**What is required**
Starting at the first line of the listing below, repeat each line up to and including the one containing "Vestido Stefany em". Leave out pictures.

**Supplied material**
--

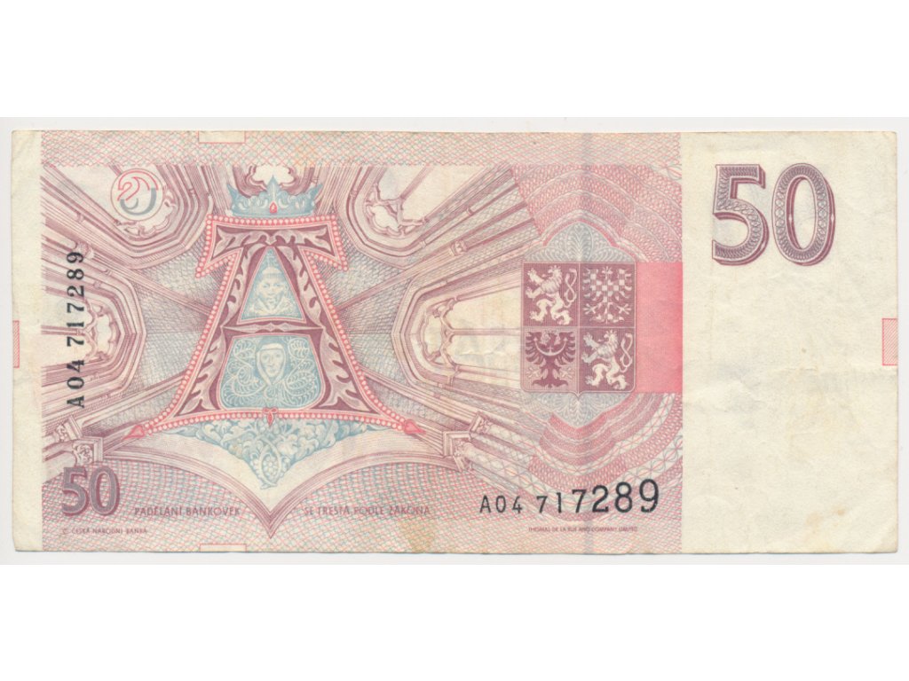 ČR, 50 Kč, 1993, série A, neperforovaná, oběhový stav
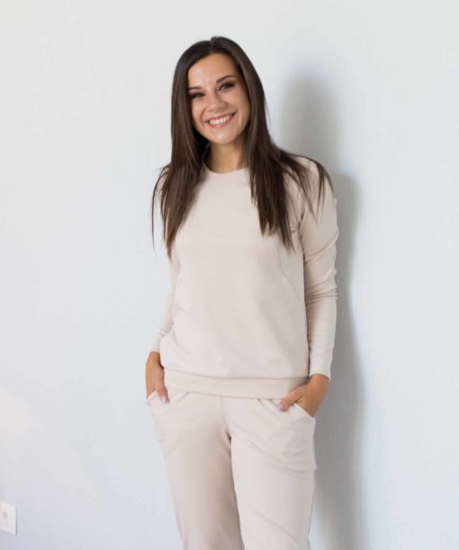 Свитшот для беременных и кормящих мам из приятного к телу материала. Он скроен специально для растущего животика и немного удлинен. Секрет кормления — потайные молнии в нагрудных рельефах свитшота. В комплекте можно приобрести брюки Smart.
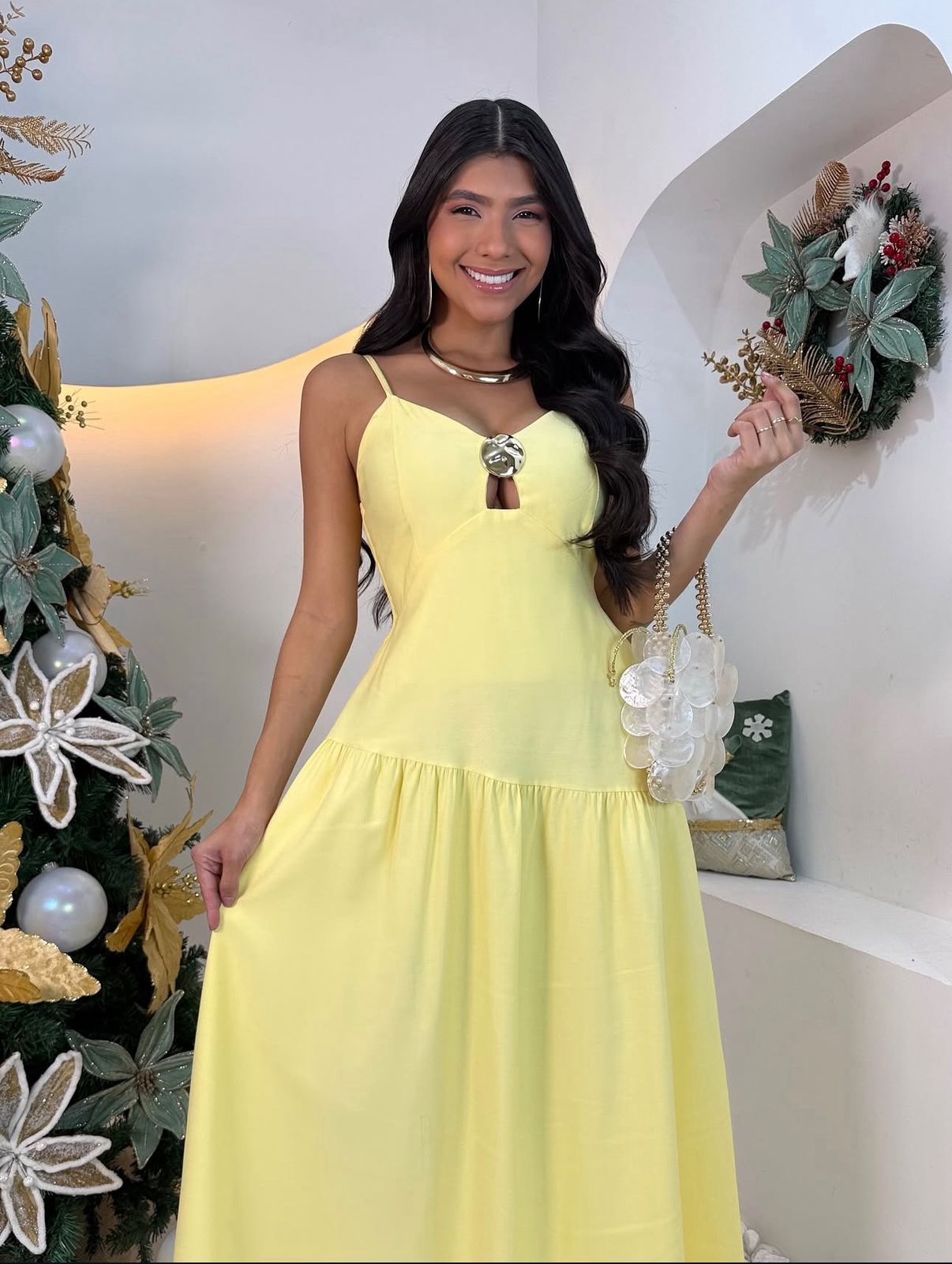 Vestido Stefany em tecido marrant, com caimento leve e fluido, ideal para compor looks elegantes nas festas de fim de ano e em ocasiões especiais. O modelo possui alças finas, decote arredondado com detalhe em argola metálica na frente e pequena abertura que valoriza o colo com sofisticação. A saia longa com recorte na altura do quadril cria volume suave e movimento, garantindo conforto ao caminhar. As costas em lastex proporcionam melhor ajuste ao corpo e vestibilidade perfeita no tamanho único M.
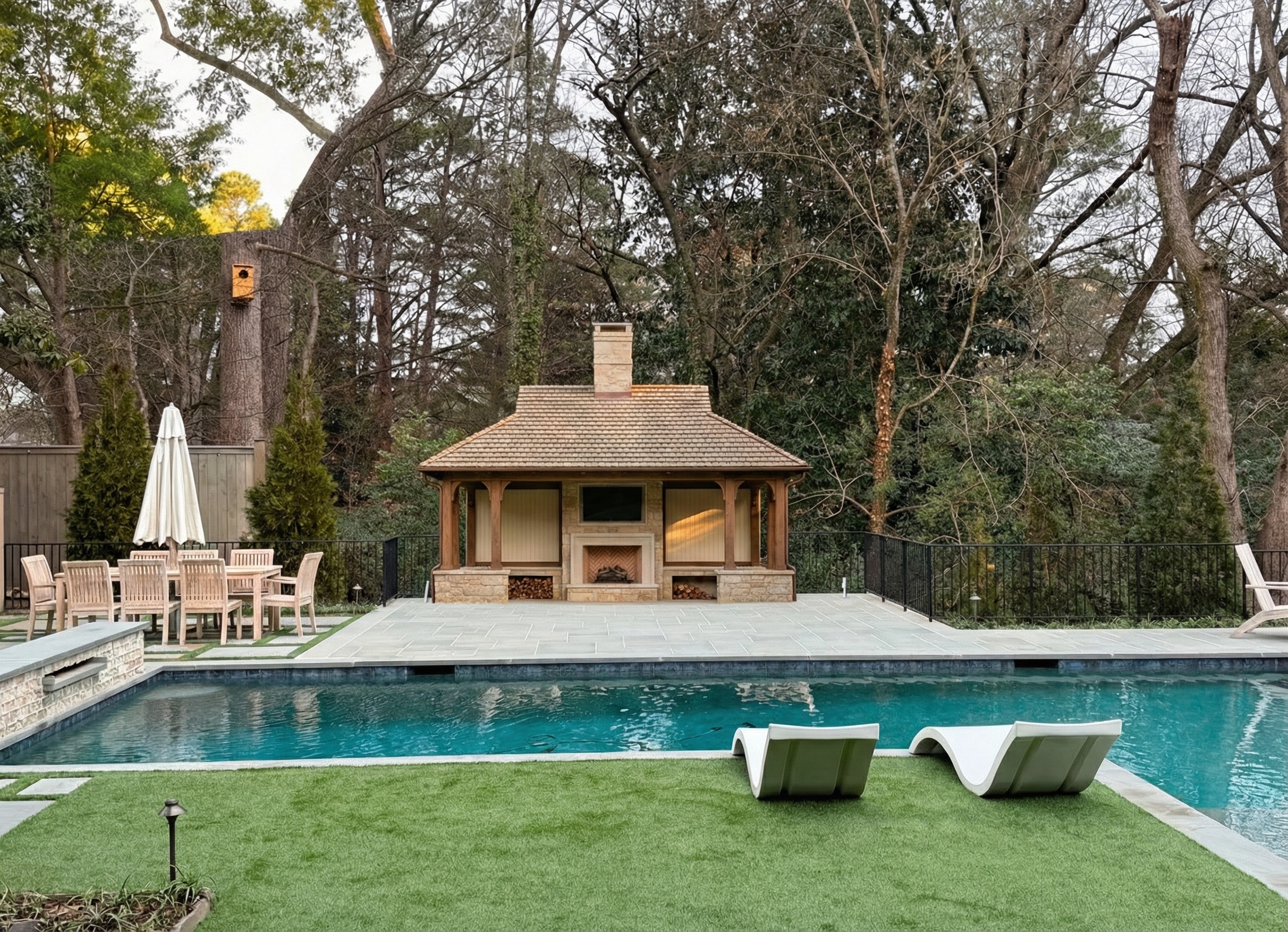 use the current pool and cabana image as the base scene increase the scale of the cabana significantly the cabana must extend forward toward the pool so the front edge of the structure is approximately 8 feet from the pool coping the front face of the cabana should align roughly with the row of dining chairs closest to the pool increase the depth substantially so it reads as a true outdoor living room not a shallow pavilion also increase the width so the cabana spans the full width of the patio area between the left dining area and the right fence line it should visually anchor the entire patio width maintain the same architectural style roof material chimney stone base wood columns and fireplace design but scale all elements proportionally larger keep roof pitch appropriate and realistic maintain proper structural proportions for beams and posts preserve the pool decking fencing trees and lighting exactly as shown this is a massing and proportion adjustment only not a redesign high resolution photorealistic rendering with accurate shadowing and ground contact increase front to back dimension by at least 40 60 compared to the current rendering

--

**Response box**
 ČR, 50 Kč, 1993, série A, neperforovaná, oběhový stav
 Свитшот для беременных и кормящих мам из приятного к телу материала. Он скроен специально для растущего животика и немного удлинен. Секрет кормления — потайные молнии в нагрудных рельефах свитшота. В комплекте можно приобрести брюки Smart.
 Vestido Stefany em tecido marrant, com caimento leve e fluido, ideal para compor looks elegantes nas festas de fim de ano e em ocasiões especiais. O modelo possui alças finas, decote arredondado com detalhe em argola metálica na frente e pequena abertura que valoriza o colo com sofisticação. A saia longa com recorte na altura do quadril cria volume suave e movimento, garantindo conforto ao caminhar. As costas em lastex proporcionam melhor ajuste ao corpo e vestibilidade perfeita no tamanho único M.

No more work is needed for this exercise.